Purpose: To investigate the feasibility of fetal blood oxygen level-dependent magnetic resonance (MR) imaging at 1.5 T and to compare DeltaR2* in the brains of fetal sheep during hypoxia at 3.0 T with that at 1.5 T.
Materials and methods: All experimental protocols were reviewed and approved by the local authorities on animal protection. Between January 2006 and May 2006, fetal brain measurements were performed in eight pregnant ewes with 1.5-T and 3.0-T MR imaging units after fetal paralysis was achieved by administering pancuronium bromide. With both imaging units, a T2*-weighted single-shot gradient-echo echo-planar imaging sequence (echo time, 30 msec at 3.0 T and 50 msec at 1.5 T) was used to measure T2* signal changes (DeltaR2*) in the fetal brain in control conditions and during hypoxia (maternal oxygenation, 50%-70%). A carotid catheter was placed and maintained in the fetuses to enable measurement of the fetal arterial oxygen saturation (SaO(2)). DeltaR2* was correlated with fetal SaO(2), and linear regression analysis was performed. A paired t test was used to evaluate differences, with a significance level of P < .05.
Results: At both field strengths, a signal intensity decrease on T2*-weighted images during hypoxia was detected. At 1.5 T, mean fetal SaO(2) was reduced from 65.4% +/- 9.2 (standard deviation) during control conditions to 17.7% +/- 6.2 during hypoxia. DeltaR2* and fetal SaO(2) correlated significantly (r = 0.98, P = .018). At 3.0 T, fetal SaO(2) was reduced from 62.4% +/- 7.5 during control conditions to 18% +/- 7.5 during hypoxia. DeltaR2* and fetal SaO(2) also correlated significantly (r = 0.95, P = .012). A linear fit resulted in a slope value of 0.084 +/- 0.003 for 1.5 T and 0.166 +/- 0.016 for 3.0 T. This means a doubled sensitivity of DeltaR2* for oxygen saturation variations at 3.0 T compared with 1.5 T.
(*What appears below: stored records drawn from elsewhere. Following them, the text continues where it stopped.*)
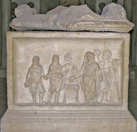 According to the inscription, Gaius Julius Saturninus and Lucilla Procula set up this beautifully carved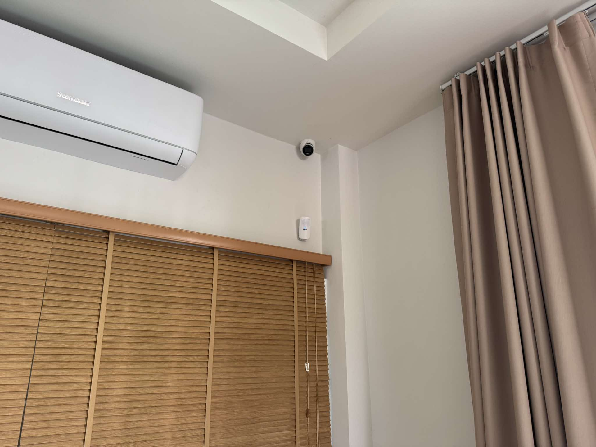 งานติดตั้งระบบรักษาความปลอดภัย ประกอบด้วยเซ็นเซอร์ตรวจจับความเคลื่อนไหว (PIR Sensor) และเซ็นเซอร์ประตูหน้าต่าง เพื่อเพิ่มความปลอดภัยรอบบ้าน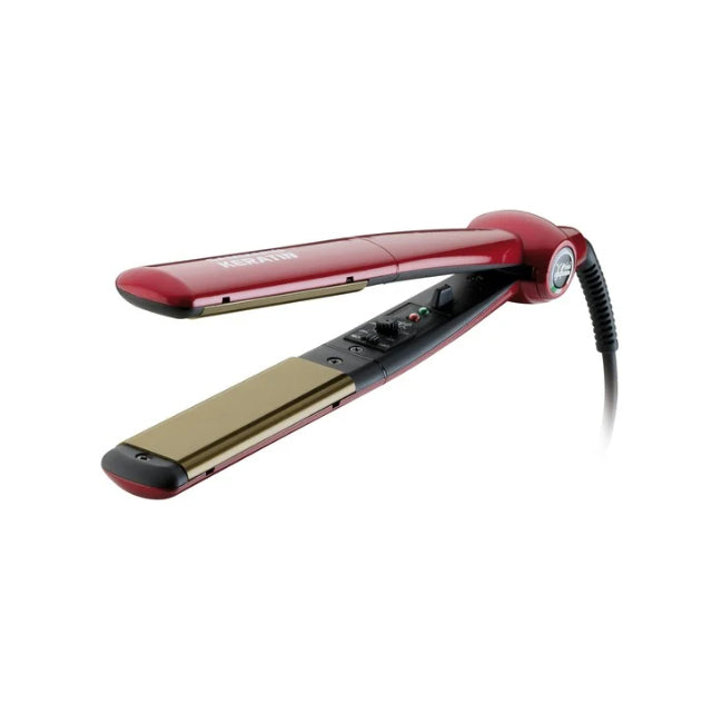 The Hair Talk Gamma Piu Red Hair Straightener combines advanced ceramic technology with adjustable temperature settings to deliver precise styling control. Its rapid heat-up feature ensures efficiency, while the smooth plates reduce hair damage by evenly distributing heat. Perfect for achieving sleek, straight styles or soft waves, this tool offers professional results for all hair types, enhancing shine and softness with every use.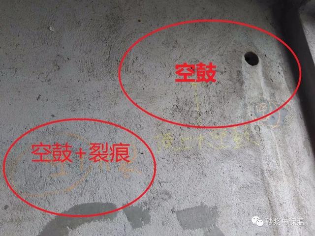 空鼓產(chǎn)生的原因主要有四個(gè):一是基層墻體表面未處理。墻體表面黏著的塵土、殘余砂漿和澆筑時(shí)的隔離劑未清理干凈,光滑的混凝土表面未涂刷界面劑或進(jìn)行噴漿拉毛,抹灰前未進(jìn)行提前灑水充分潤濕等。二是墻體養(yǎng)護(hù)時(shí)間不夠就急于抹灰。墻體未進(jìn)行充分變形就開始抹灰,基層與抹灰層收縮不一致導(dǎo)致空鼓。三是單層抹灰過厚。墻體平整度不好或有缺損時(shí),沒有提前處理,抹灰時(shí)急于求成,一次成活,抹灰層過厚,造成其收縮應(yīng)力大于砂漿黏結(jié)力,產(chǎn)生空鼓。四是抹灰材料使用不當(dāng)。抹灰砂漿強(qiáng)度與基層墻體強(qiáng)度不匹配,收縮率相差過大[2]。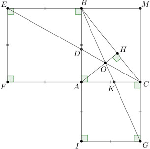 Cho tam giác \(ABC\) vuông tại \(A,\) đường cao \(AH.\) Trên các cạnh \(AB,AC\) thứ tự dựng các hình vuông \(ABEF,\,\,ACGI\) nằm ngoài tam giác \(ABC.\) Gọi \(O\) là giao điểm của \(BG\) và \(AH.\) Chứng minh rằng \(C,O,E\) thẳng hàng.

Conclusion: MR imaging at 3.0 T is more sensitive than that at 1.5 T in the detection of DeltaR2* in the fetal brain during hypoxia. However, there was a signal decrease in the fetal brain in all 1.5-T experiments during hypoxia. Thus it is possible to measure fetal DeltaR2* at 1.5 T, which may be of more practical relevance for the evaluation of pregnant women.